AIM OF THE TASK:
Needed from the data below: every line from the one with "2023年3月15日,匈牙利" up to and including the one with "Tại Nghệ An, Ban", repeated exactly and with nothing else.

GIVEN DATA:
--------

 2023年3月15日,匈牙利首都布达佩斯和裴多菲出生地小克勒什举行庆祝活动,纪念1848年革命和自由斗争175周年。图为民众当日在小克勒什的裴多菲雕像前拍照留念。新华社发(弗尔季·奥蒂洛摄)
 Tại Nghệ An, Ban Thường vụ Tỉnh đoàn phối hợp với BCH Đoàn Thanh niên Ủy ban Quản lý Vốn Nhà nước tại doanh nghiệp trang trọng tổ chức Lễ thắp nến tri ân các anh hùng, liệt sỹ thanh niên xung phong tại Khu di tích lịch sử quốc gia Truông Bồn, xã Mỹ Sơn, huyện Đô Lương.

--------

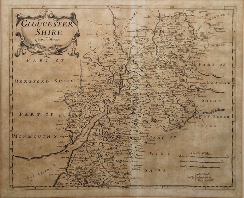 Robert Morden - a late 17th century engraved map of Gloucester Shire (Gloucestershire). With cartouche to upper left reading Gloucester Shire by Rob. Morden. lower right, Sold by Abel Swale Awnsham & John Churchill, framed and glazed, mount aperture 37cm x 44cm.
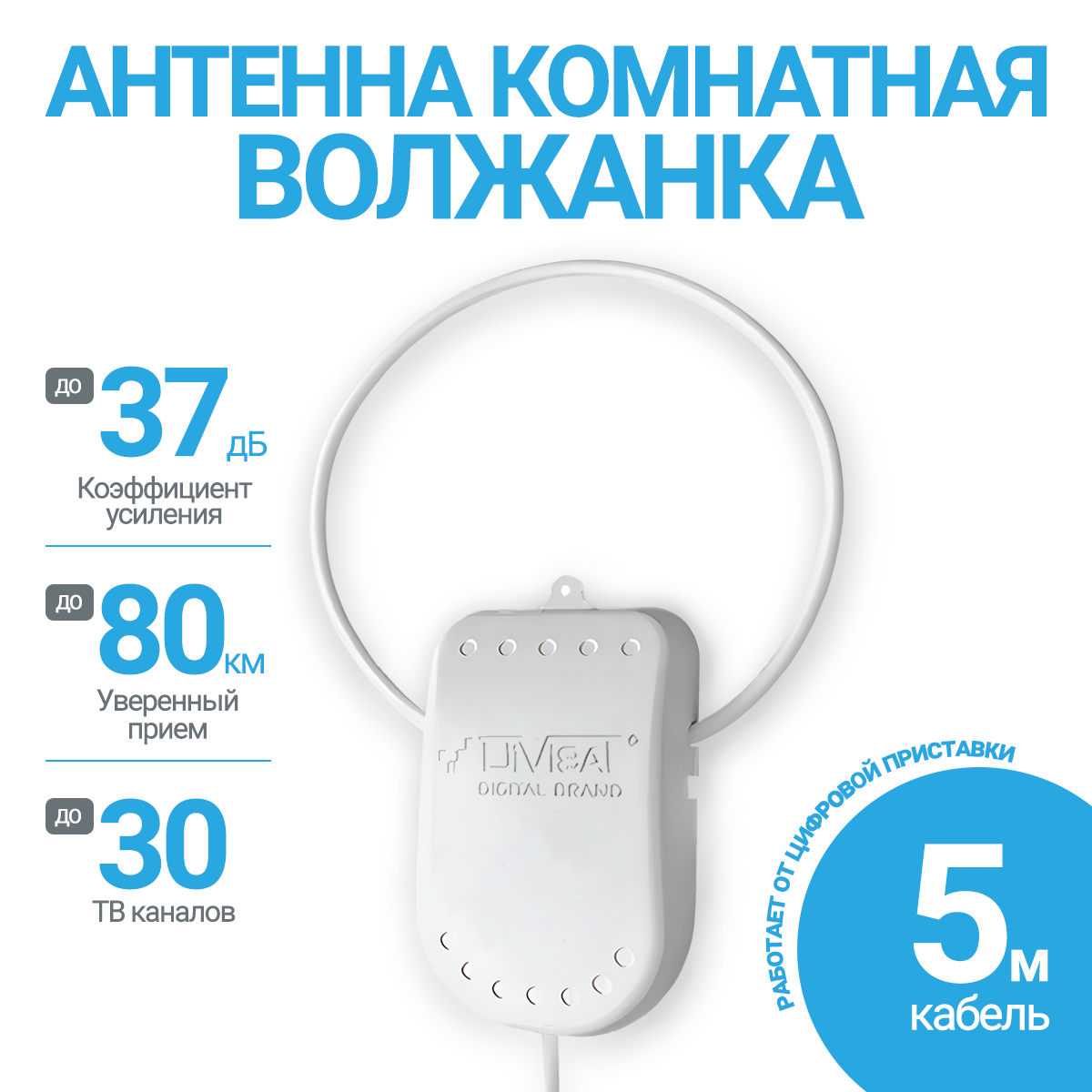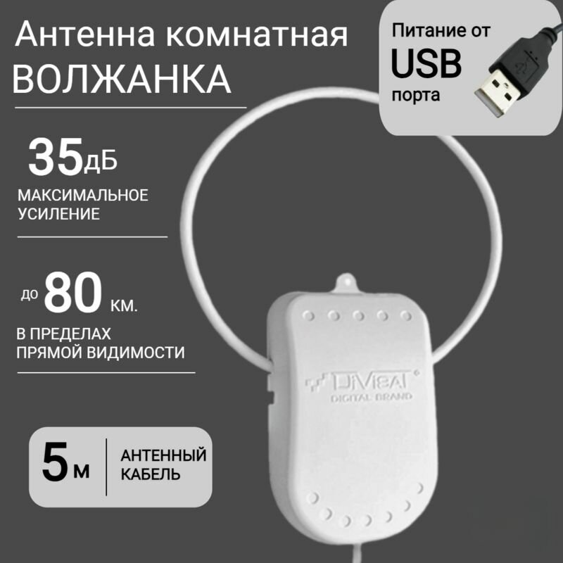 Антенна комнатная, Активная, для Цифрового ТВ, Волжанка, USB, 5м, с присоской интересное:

--------

OUTPUT FOR THIS TASK:
 2023年3月15日,匈牙利首都布达佩斯和裴多菲出生地小克勒什举行庆祝活动,纪念1848年革命和自由斗争175周年。图为民众当日在小克勒什的裴多菲雕像前拍照留念。新华社发(弗尔季·奥蒂洛摄)
 Tại Nghệ An, Ban Thường vụ Tỉnh đoàn phối hợp với BCH Đoàn Thanh niên Ủy ban Quản lý Vốn Nhà nước tại doanh nghiệp trang trọng tổ chức Lễ thắp nến tri ân các anh hùng, liệt sỹ thanh niên xung phong tại Khu di tích lịch sử quốc gia Truông Bồn, xã Mỹ Sơn, huyện Đô Lương.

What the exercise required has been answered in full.